+++ Given material +++
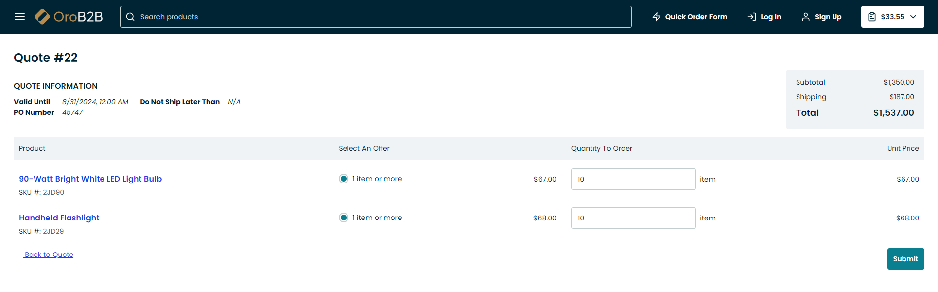 Review the quote and click Accept and Submit to Order to proceed to the next step.
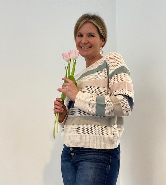 This sweater is the perfect amount of pastel stripes, light knit and the must-have of the spring season. The length sits just above the belt line and is a fabulous top to throw on all season long!!
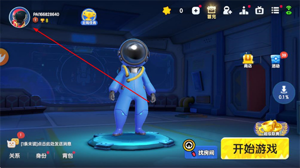 1、在彩虹朋友太空的游戏主界面,点击左上角的个人头像,进入个人主页页面。
+++
What is being asked
Set down the material exactly as given, but print none of the pictures.

Response area
 Review the quote and click Accept and Submit to Order to proceed to the next step.
 This sweater is the perfect amount of pastel stripes, light knit and the must-have of the spring season. The length sits just above the belt line and is a fabulous top to throw on all season long!!
 1、在彩虹朋友太空的游戏主界面,点击左上角的个人头像,进入个人主页页面。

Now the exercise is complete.